-- Data for processing follows --

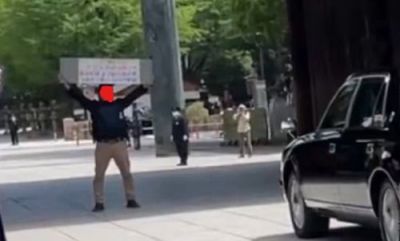 靖国神社によると、立ち入り規制中だった参道で、儀式を終えた天皇陛下の勅使が乗る車を含む車列の前に、容疑者が立ちはだかり、横幕を掲げたという。
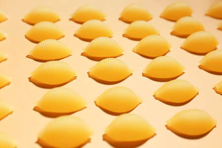 Pasta in the form of shells laid out a dense background. The picture is taken in close-up with natural lighting.
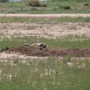 American badger dozing on mound of dirt at Maxwell National Wildlife Refuge, NM.
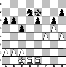 game notation in PGN-format [Event "MySchachOpen"] [Site "www.myChess.de"] [Date "2005.01.22"] [Round "1"] [White "Master1"] [Black "PublicEnemy"] [ECO "B01"] [WhitemyELO "1238"] [BlackmyELO "1233"] [Result "1-0"] [TimeControl "10/2592000"] [WhiteDays "90"] [BlackDays "83"] [MyChessNo "9859"] 1. e4 d5 2. exd5 Qxd5 3. Nc3 Qe5+ 4. Qe2 Qxe2+ 5. Ngxe2 e5 6. d4 exd4 7. Nxd4 Bc5 8. Be3 Nf6 9. Ndb5 Bb6 10. Bxb6 cxb6 11. Nc7+ Kd8 12. Nxa8 Re8+ 13. Be2 Bg4 14. f3 Bd7 15. O-O-O Nc6 16. Bb5 Re6 17. Nd5 a6 18. Nac7 Re7 19. Nxe7 Kxe7 20. Rhe1+ Be6 21. Bxc6 bxc6 22. Nxe6 fxe6 23. g4 c5 24. g5 Nd7 25. f4 g6 26. h4 1-0 position notation in FEN-format 8/3nk2p/pp2p1p1/2p3P1/5P1P/8/PPP5/2KRR3 - - - 0 26 Captured white pieces: Captured black pieces: Click on a captured piece in order to display the desired move!
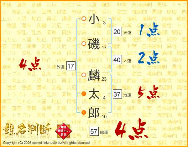 小磯麟太郎さんの総運は57画の4点!
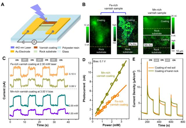 通过应用微区与原位光电测试手段,直接测定天然“矿物膜”半导体光电效应,已获得“矿物膜”与基岩高分辨率(微米)光电流信号面分布结果。发现富铁锰“矿物膜”区域表现出显著的光电流信号,而无铁锰元素富集的基岩不产生光电流响应(图1)。揭示出天然“矿物膜”具有稳定、灵敏的日光光子—光电子转换能力,获得其在一定波长下具有恒定光电转化效率(IPCE)的新认识,证实地球陆地上无机矿物也是太阳光能量吸收与转化的一类重要物质。
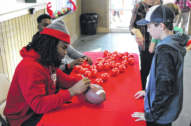 Jayce Hatcher, who played in the Dixie Youth Baseball World Series in August, gets his football autographed by former East Bladen standouts Larrell (left) and Farrell Murchison. Larrell played at N.C. State, and Farrell at Winston-Salem State.
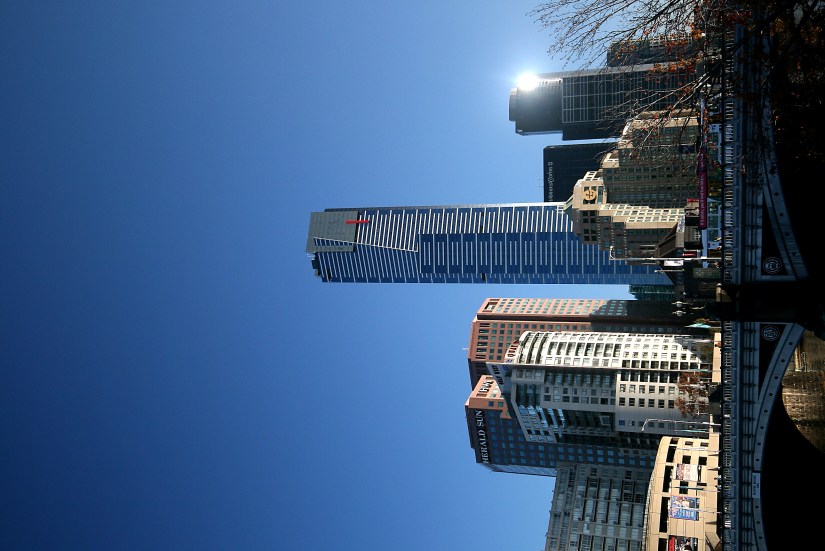 not more than 10 minutes later, our bus came by and we hopped on and sat at the back of the bus. we just stood there watching as the bus left the airport area through tullamarine freeway and entered the 2nd most populous city in australia (after sydney). the weather was truly glorious but a bit cold. the 40 minute trip ended at skybus terminal, southern cross street station, where we walked out towards the sunny street of melbourne cbd.
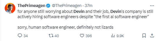 有趣的是,儘管大多數人認為 Devin 是許多軟體工程師的終結,但 Devin 的製造商 Cognition 正在積極招聘“人類”軟體工程師!意見不一,在我們對 Devin 進行全面測試之前,我們無法得出任何結論。
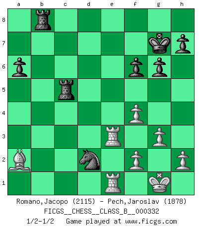 Last move : 1/2-1/2 2021 May 29 22:11:37 [Event "FICGS__CHESS__CLASS_B__000332"] [Site "FICGS"] [Date "2020.10.17"] [Round "1"] [White "Romano,Jacopo"] [Black "Pech,Jaroslav"] [Result "1/2-1/2"] [WhiteElo "2115"] [BlackElo "1878"] 1.Nf3 Nf6 2.c4 c5 3.Nc3 Nc6 4.g3 d5 5.d4 e6 6.cxd5 Nxd5 7.Bg2 Be7 8.O-O O-O 9.Nxd5 exd5 10.dxc5 Bxc5 11.Bg5 f6 12.Bd2 Qe7 13.Bc3 Rd8 14.Bd4 b6 15.Rc1 Bg4 16.Bxc5 bxc5 17.Qa4 Bxf3 18.exf3 Qd6 19.f4 Rab8 20.Rfd1 Nd4 21.Re1 a6 22.Qa5 Rdc8 23.b3 g6 24.Re3 Kg7 25.Rce1 c4 26.Kf1 cxb3 27.axb3 Nxb3 28.Qxd5 Nd2+ 29.Kg1 Qxd5 30.Bxd5 Rc5 31.Ba2 1/2-1/2 Follow this game move after move (download)If you aren't afraid of Spassky, then I have removed the element of money. (Jim Slater) Schach verlangt totale Konzentration. (Robert James Fischer) En un gambito tu regalas un Peón por el bién de tomar un juego perdido. (Samuel Standige Boden) Le jeu d'échecs fait naître et fortifie en nous plusieurs qualités précieuses dans le cours de l'existence, telles que la prévoyance, la circonspection, la prudence, et la persévérance. (Benjamin Franklin - 1783, la morale des échecs) What doesn't kill us makes us stronger. (Friedrich Nietzsche)

-- Data for processing concluded --

Restate the material word for word; no picture should appear in the copy.

 靖国神社によると、立ち入り規制中だった参道で、儀式を終えた天皇陛下の勅使が乗る車を含む車列の前に、容疑者が立ちはだかり、横幕を掲げたという。
 Pasta in the form of shells laid out a dense background. The picture is taken in close-up with natural lighting.
 American badger dozing on mound of dirt at Maxwell National Wildlife Refuge, NM.
 game notation in PGN-format [Event "MySchachOpen"] [Site "www.myChess.de"] [Date "2005.01.22"] [Round "1"] [White "Master1"] [Black "PublicEnemy"] [ECO "B01"] [WhitemyELO "1238"] [BlackmyELO "1233"] [Result "1-0"] [TimeControl "10/2592000"] [WhiteDays "90"] [BlackDays "83"] [MyChessNo "9859"] 1. e4 d5 2. exd5 Qxd5 3. Nc3 Qe5+ 4. Qe2 Qxe2+ 5. Ngxe2 e5 6. d4 exd4 7. Nxd4 Bc5 8. Be3 Nf6 9. Ndb5 Bb6 10. Bxb6 cxb6 11. Nc7+ Kd8 12. Nxa8 Re8+ 13. Be2 Bg4 14. f3 Bd7 15. O-O-O Nc6 16. Bb5 Re6 17. Nd5 a6 18. Nac7 Re7 19. Nxe7 Kxe7 20. Rhe1+ Be6 21. Bxc6 bxc6 22. Nxe6 fxe6 23. g4 c5 24. g5 Nd7 25. f4 g6 26. h4 1-0 position notation in FEN-format 8/3nk2p/pp2p1p1/2p3P1/5P1P/8/PPP5/2KRR3 - - - 0 26 Captured white pieces: Captured black pieces: Click on a captured piece in order to display the desired move!
 小磯麟太郎さんの総運は57画の4点!
 通过应用微区与原位光电测试手段,直接测定天然“矿物膜”半导体光电效应,已获得“矿物膜”与基岩高分辨率(微米)光电流信号面分布结果。发现富铁锰“矿物膜”区域表现出显著的光电流信号,而无铁锰元素富集的基岩不产生光电流响应(图1)。揭示出天然“矿物膜”具有稳定、灵敏的日光光子—光电子转换能力,获得其在一定波长下具有恒定光电转化效率(IPCE)的新认识,证实地球陆地上无机矿物也是太阳光能量吸收与转化的一类重要物质。
 Jayce Hatcher, who played in the Dixie Youth Baseball World Series in August, gets his football autographed by former East Bladen standouts Larrell (left) and Farrell Murchison. Larrell played at N.C. State, and Farrell at Winston-Salem State.
 not more than 10 minutes later, our bus came by and we hopped on and sat at the back of the bus. we just stood there watching as the bus left the airport area through tullamarine freeway and entered the 2nd most populous city in australia (after sydney). the weather was truly glorious but a bit cold. the 40 minute trip ended at skybus terminal, southern cross street station, where we walked out towards the sunny street of melbourne cbd.
 有趣的是,儘管大多數人認為 Devin 是許多軟體工程師的終結,但 Devin 的製造商 Cognition 正在積極招聘“人類”軟體工程師!意見不一,在我們對 Devin 進行全面測試之前,我們無法得出任何結論。
 Last move : 1/2-1/2 2021 May 29 22:11:37 [Event "FICGS__CHESS__CLASS_B__000332"] [Site "FICGS"] [Date "2020.10.17"] [Round "1"] [White "Romano,Jacopo"] [Black "Pech,Jaroslav"] [Result "1/2-1/2"] [WhiteElo "2115"] [BlackElo "1878"] 1.Nf3 Nf6 2.c4 c5 3.Nc3 Nc6 4.g3 d5 5.d4 e6 6.cxd5 Nxd5 7.Bg2 Be7 8.O-O O-O 9.Nxd5 exd5 10.dxc5 Bxc5 11.Bg5 f6 12.Bd2 Qe7 13.Bc3 Rd8 14.Bd4 b6 15.Rc1 Bg4 16.Bxc5 bxc5 17.Qa4 Bxf3 18.exf3 Qd6 19.f4 Rab8 20.Rfd1 Nd4 21.Re1 a6 22.Qa5 Rdc8 23.b3 g6 24.Re3 Kg7 25.Rce1 c4 26.Kf1 cxb3 27.axb3 Nxb3 28.Qxd5 Nd2+ 29.Kg1 Qxd5 30.Bxd5 Rc5 31.Ba2 1/2-1/2 Follow this game move after move (download)If you aren't afraid of Spassky, then I have removed the element of money. (Jim Slater) Schach verlangt totale Konzentration. (Robert James Fischer) En un gambito tu regalas un Peón por el bién de tomar un juego perdido. (Samuel Standige Boden) Le jeu d'échecs fait naître et fortifie en nous plusieurs qualités précieuses dans le cours de l'existence, telles que la prévoyance, la circonspection, la prudence, et la persévérance. (Benjamin Franklin - 1783, la morale des échecs) What doesn't kill us makes us stronger. (Friedrich Nietzsche)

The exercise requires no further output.